A Justiça Federal em Rondônia determinou, em decisão liminar nesta quinta-feira (3), que a Funai (Fundação Nacional do Índio) providencie o enterro dos restos mortais do chamado "índio do buraco" no exato lugar onde ele morreu, uma palhoça na terra indígena Tanaru, no sul do estado.
O órgão tem cinco dias para fazer o sepultamento.
A decisão do juiz federal Samuel Albuquerque, da Vara de Vilhena (RO), se deu no processo da ação civil pública movida pelo MPF (Ministério Público Federal) para obrigar a Funai a sepultar o indígena no local onde viveu sozinho e isolado por 26 anos.
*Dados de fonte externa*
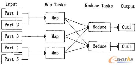 作為云計(jì)算的核心,簡(jiǎn)單來講Map Reduce就是“任務(wù)的分解與結(jié)果的匯總”,圖3是其工作模式示意圖。
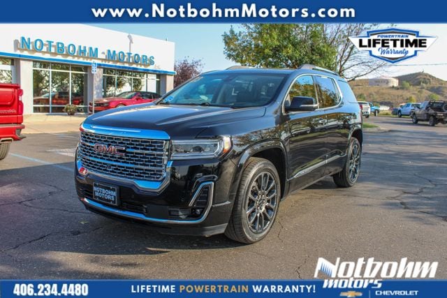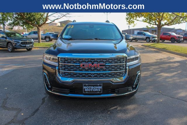 The 2023 GMC Acadia Denali is an all-wheel drive SUV with a 3.6L DOHC DI V6 engine and a 9-speed automatic transmission. It has a Jet Black interior and 6-passenger seating.
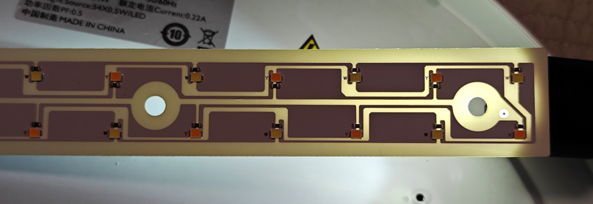 这是第三个板子,打开之后可以看到。确实是阳极连接在一起的。板子上的两种颜色的灯是交错排布的,这样只亮一种色温的时候,看起来会比较均匀。
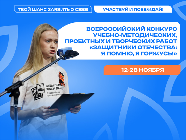 Мордовский государственный педагогический университет имени М. Е. Евсевьева, факультет педагогического и художественного образования, кафедра дошкольного и начального образования приглашают к участию во Всероссийском конкурсе учебно-методических, проектных и творческих работ среди воспитанников дошкольных образовательных организаций, учащихся начальной и основной школы, студентов СПО и ВУЗов «Защитники Отечества: я помню, я горжусь!»,...
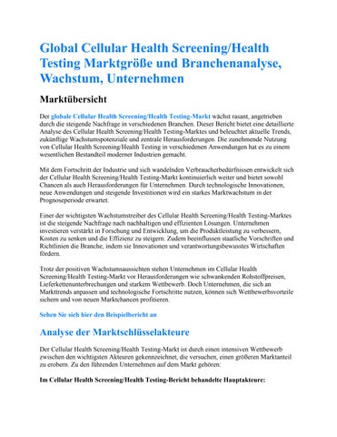 Global Cellular Health Screening/Health Testing Marktgröße und Branchenanalyse, Wachstum, Unternehme
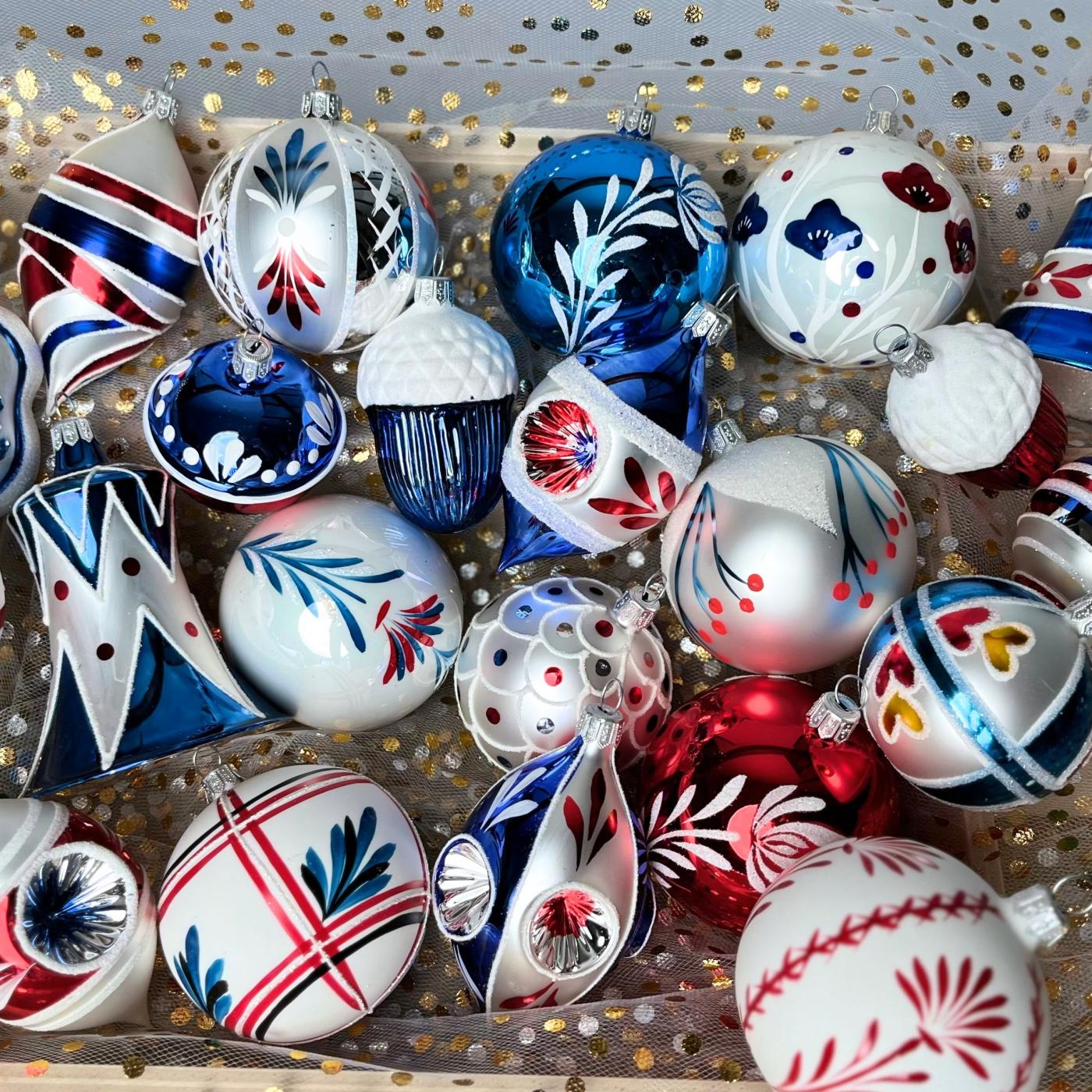 Kolekce Domovina vznikla z touhy uchovat historické motivy a barevnost, jaké nesly první skleněné ozdoby v Čechách. Vyznačuje se sytými barvami na bílém základu, folklorními motivy, kvítky a dekory inspirovanými českými kroji i přírodou – jako by každá ozdoba šeptala příběh domova. Je určená pro ty, kdo hledají tradici, teplo domova a poctivou ruční práci s odkazem na naše kořeny. Doporučujeme ji kombinovat s přírodními materiály, dřevěnými nebo slámovými ozdobami a klasickými tvary s jednoduchým dekorováním.
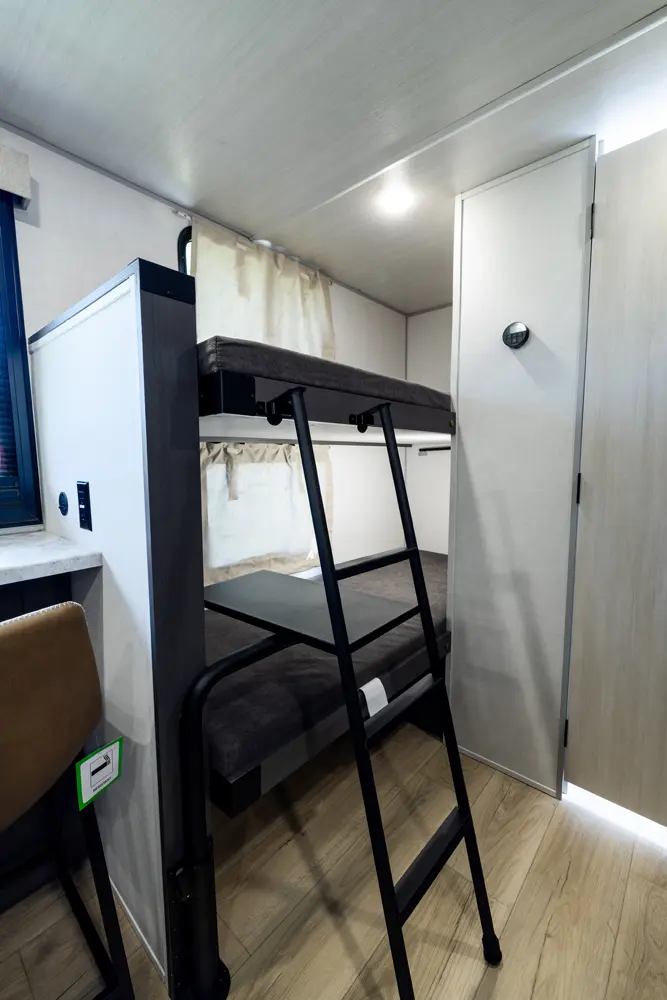 The 16MKD is a nimble, family-friendly travel trailer that delivers big comfort in a manageable 21'8" design. A front queen bed offers a cozy retreat for adults, while twin bunks are perfect for kids or guests. The full rear-corner bath adds privacy and convenience, making this trailer ideal for both quick getaways and extended adventures. Compact, capable, and thoughtfully designed — the 16MKD makes family travel effortless.
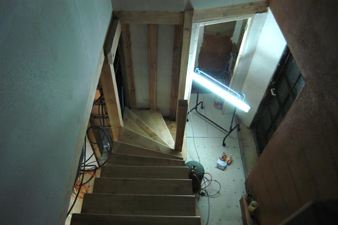 En fin de soirée toutes les marches sont fixées et toutes les contre marches (exceptées celles de 4 marches tournantes).
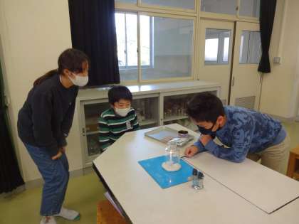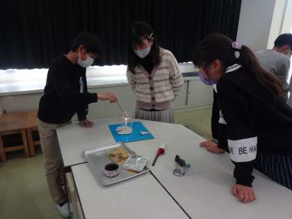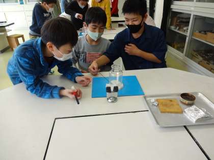 上下に穴が開いている集気瓶と、下のみに穴が開いている集気瓶の中で、ろうそくの火は燃え続けるかを実験しました。
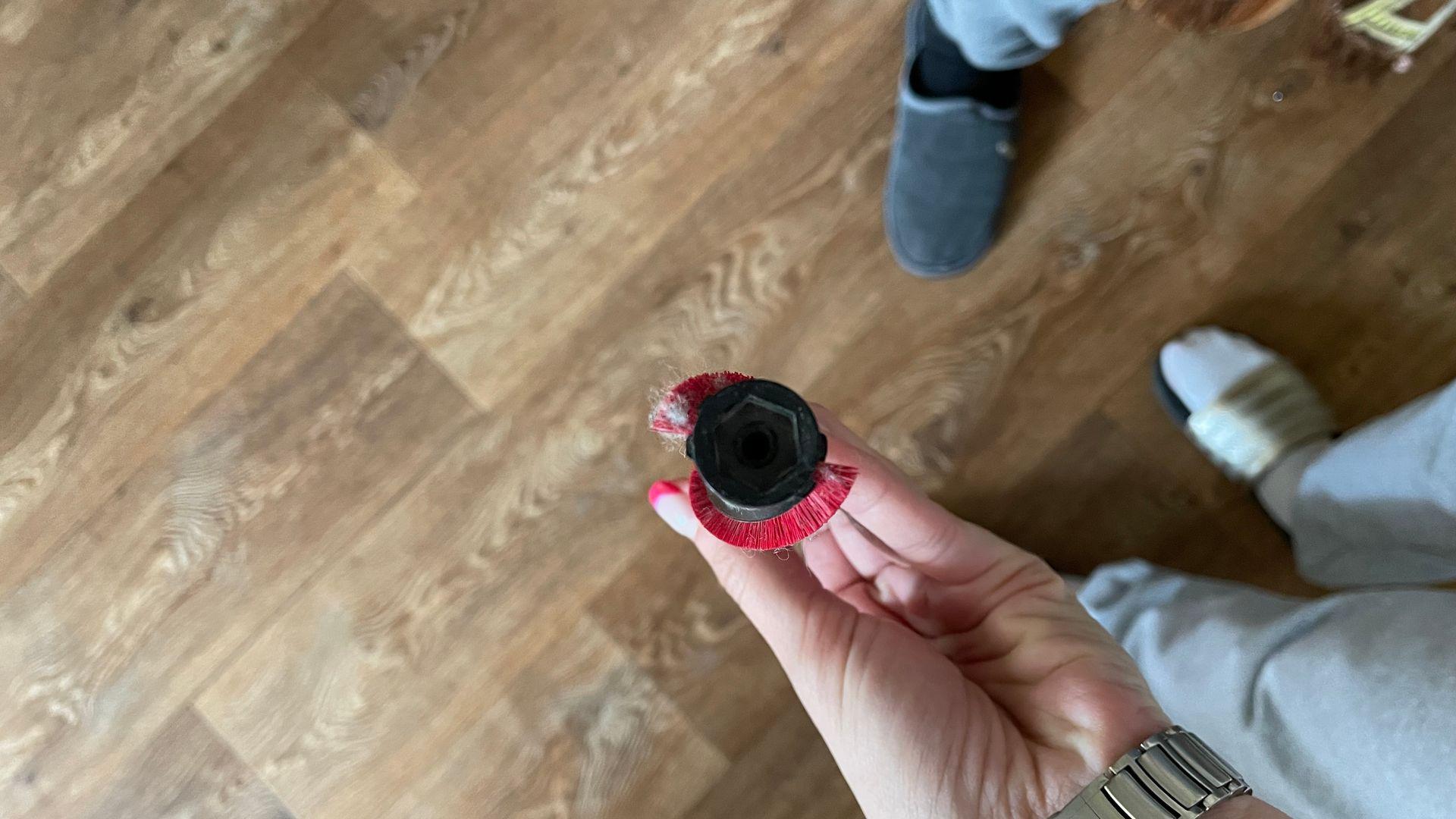 Удобный в использовании. быстрая сборка, хорошее всасывание пыли. Очень хорошо, что батарею можно заряжать от сетевого зарядного устройства. Плотный пластик для пылесборника, довольно приличный объём ( можно мыть), так же пылесборник имеет стакан из тканного материала, можно постирать после использования. У насадки турбо - щеточку можно снять и очистить от волос, ниток.

Ele, também conhecido por "índio Tanaru" era o último de seu povo, dizimado pela ação de madeireiros na região.
A reportagem questionou a Funai se haverá cumprimento da decisão ou se o órgão recorrerá contra a liminar. Não houve resposta até a publicação do texto.
Na véspera do programado para o enterro, o presidente da Funai, Marcelo Augusto Xavier da Silva, agiu para barrar o sepultamento. Ele enviou um ofício à Polícia Federal em Vilhena barrando os procedimentos com a alegação de que era necessário aguardar a conclusão dos laudos dos exames feitos nos restos mortais de "Tanaru".
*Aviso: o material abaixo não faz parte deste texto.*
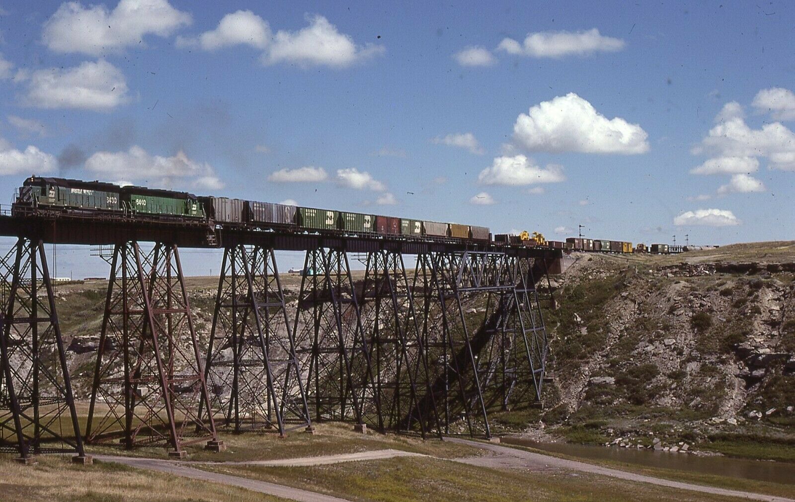 Burlington Northern EMD Duo number 6440-6430 crossing high trestle at Cut bank, MT Taken - 07/28/1978.

Naquele momento, todos os exames já haviam sido concluídos, assim como todas as coletas de materiais pela PF. Não havia necessidade de mais nenhum exame no corpo do indígena.
Xavier foi colocado pelo presidente Jair Bolsonaro (PL) na Funai para barrar ações de fiscalização, esvaziar as funções do órgão e atender a interesses de ruralistas, o que foi feito, segundo indigenistas e servidores da linha de frente da fundação.
Ao impedir o enterro do "índio do buraco", o presidente da Funai buscou atender a interesses de fazendeiros que circundam a terra indígena, conforme técnicos a par do processo de sepultamento. O enterro no território deve dificultar a exploração da área por esses proprietários de terra.
Assim que houve a notícia da morte de "Tanaru", foram feitos pedidos para exploração da terra indígena, como a Folha de S.Paulo mostrou. Fazendeiros que se dizem donos da área argumentaram não haver mais restrição para o uso do território, que tem 8.070 hectares.
A terra indígena Tanaru não é demarcada. Por haver incidência de um indígena isolado, o território conta com uma restrição de uso, definida em portaria da própria Funai. Ela vigora até 2025. É esta portaria que os fazendeiros querem derrubar, a partir da morte.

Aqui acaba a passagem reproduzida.